Vertical cross-section along the line CD in Figure 7 from Nest 4 at 1300 LST 7 February 2009. Contours of potential temperature (grey) at 1 K intervals and vertical velocity (black) at 0.6 m s−1 intervals with negative values dashed. The terrain elevation is shown with the thick black line.

The horizontal convective rolls in Figure 8 have horizontal wavelengths of approximately 10 km, although in some regions of the flow the wavelengths are closer to 15 km (Figure 7). A satellite image valid at 1450 LST (Figure 9) shows that shallow boundary layer clouds are organized into cloud streets. Such cloud streets are well-known signatures of horizontal convective rolls. Also marked on Figure 9 are lines depicting the separation of the cloud streets; the observed cloud streets have wavelengths between 10 and 17 km, i.e. within the range of separations produced by the model. Moreover, the cloud streets are oriented at a similar angle to those in the simulation. The agreement in orientation and scale implies that the simulated horizontal convective rolls are realistic and probably occurred on 7 February.

Figure 9.

MODIS Aqua true colour image at 0450 UTC (1450 LST) 7 February 2009. The location of Melbourne is marked. The parallel lines in the top-left of the image are approximately 17 km apart and those to the top-right are approximately 10 km apart.

The depth of the mixed layer can be inferred from Figure 8. There is weak stratification above 2.5 km and an inversion that begins around 4.5 km above mean sea level, marking the nominal boundary layer top. Later in the afternoon, the boundary layer becomes well mixed to a height of 5 km, with a sharp inversion at that height (not shown). Near the end of the day (1715 LST, Figure 10(b)) and ahead of the cool change, coherent roll structures persist in the boundary layer combined with cellular features as well. Although there are no observations of the daytime boundary layer depth (due to the timing of the routine soundings in the region), it is likely that the model reproduces the mixed-layer depth well; the routine Melbourne sounding and a model equivalent profile at 1200 UTC (2200 LST) 7 February (not shown) both show a residual layer that extends to 5 km, with a remnant inversion between 5 and 5.5 km above mean sea level. Moreover, of relevance to the next section, this comparison also shows that at this time the depth of the cool air associated with the front is approximately 2 km deep in both the model and observations.

Figure 10.

Cross-section at 500 m above ground level 1715 LST 7 February 2009 of (a) potential temperature and (b) vertical velocity (both colour shaded). Also shown are the coastline (thick black), terrain contours at 500 m intervals (black), the location of Melbourne, and in (a) 500 m wind vectors.

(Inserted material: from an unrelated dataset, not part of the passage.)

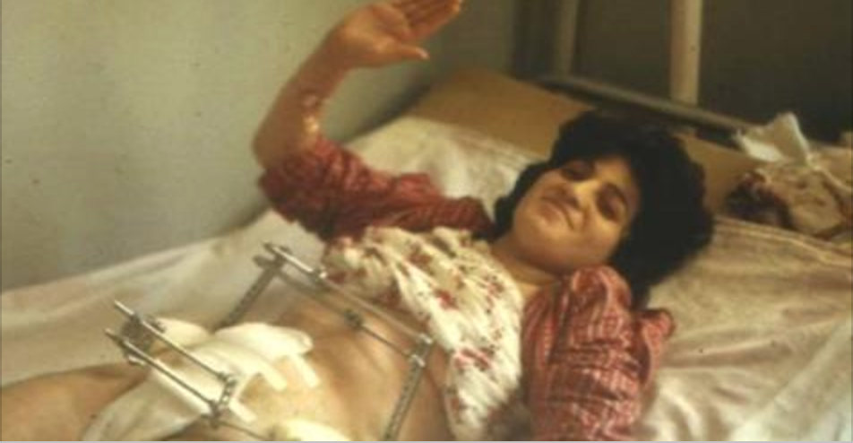 Среди пациентов Казбека была молодая женщина по имени Аида Саакян. Во время землетрясения она была буквально похоронена заживо под обломками. Аида сорвала голос, зовя на помощь. Когда ее наконец-то спасли, на тело женщины было страшно смотреть, оно полностью было синим от различных травм.

Weckwerth et al. (1997) describe the environmental conditions that are known to favour horizontal convective rolls, and review the characteristics of rolls documented by prior studies. The rolls produced here have horizontal wavelengths of around 10–15 km, which are longer than the roll wavelengths reported by Weckwerth et al. (1997). However, Weckwerth et al. (their figure 17) show that the wavelength of rolls increases with boundary layer depth, and based on their regression a 10–15 km wavelength might be expected for the 2.5 km deep mixed layer at 1300 LST. Nonetheless, the extreme shears and deep mixed layer (especially later in the day) place this event well outside the parameter space normally examined for horizontal convective rolls and future research at these extremes is warranted. In addition to being a prominent feature of the boundary layer on 7 February, it will be shown in section 4 that these horizontal convective rolls make important contributions to the spatial variability of fire danger as well.

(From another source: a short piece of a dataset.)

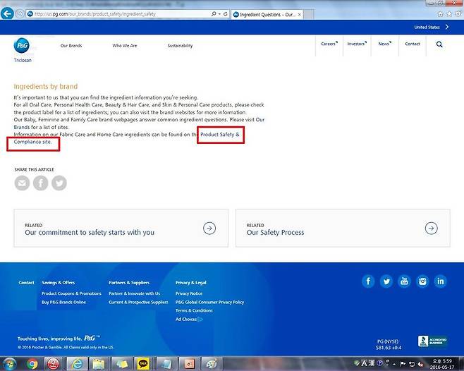 하단 부분 라는 항목의 내용 가운데“Information on our Fabric Care and Home Care ingredients can be found on the Product Safety & Compliance site.”라는 부분이 있습니다.“우리 회사의 섬유 및 실내 관리 제품의 성분에 대한 정보는 제품 안전&준수 사이트에서 확인할 수 있습니다.”라고 하니, 이 사이트로 넘어가봅니다.

Although the numerical model produces dry boundary layer structures similar to the observations, it does not produce deep moist convection in the pre-frontal airstream. On Black Saturday deep non-precipitating cumulus convection was observed and it is likely that the fires generated these clouds (i.e. they were pyrocumuli; see VBRC, 2010). Studying the role of the fires in generating pyrocumulus clouds and their feedback on the fires is part of our continuing research. (See Cunningham and Reeder (2009) for an example of the role played by wildfires in initiating severe pyrocumulonimbi in Australia.)

3.3. Cool change

The satellite image at 1450 LST (Figure 9) shows a northwest to southeast oriented cloud band located to the southwest of Melbourne. This cloud band marks the location of the cool change that propagated to the northeast and arrived in Moorabbin about an hour afterwards (shortly after 1600 LST 7 February, Figure 3). These summertime cool changes form predominantly as an enhancement of the coastal temperature gradient by the synoptic scale flow (Reeder, 1986; Reeder and Smith, 1992; Muir and Reeder, 2010). Reeder (1986) showed that as cold fronts advance onshore during the day into a deep well-mixed boundary layer, they decelerate and may become stationary at the coast. At the same time, the cross-front circulation strengthens very rapidly leading to strong coastal frontogenesis. Muir and Reeder (2010) reached similar conclusions, but also explained how these phenomena lead to a bias in cold fronts making landfall preferentially during the late afternoon or evening. The cool change on 7 February appears to have developed along the lines described by Muir and Reeder, although in this case the mixed layer was exceptionally deep and the background deformation exceptionally strong, resulting in an extreme cool change.

As shown in Figure 3, the simulated cool change arrives at Moorabbin approximately 30 min late at 1630 LST. The cool air is embedded within southwesterly flow and passes through Melbourne at approximately 1700 LST (Figure 10). As is typical, the cool change is marked by a rapid change in wind direction (Figure 10(a)) as well as a coherent updraft along the frontal boundary at 500 m above ground level (Figure 10(b)). Ahead of the front the boundary layer is still convectively active, but behind the front the cooler air is more stable.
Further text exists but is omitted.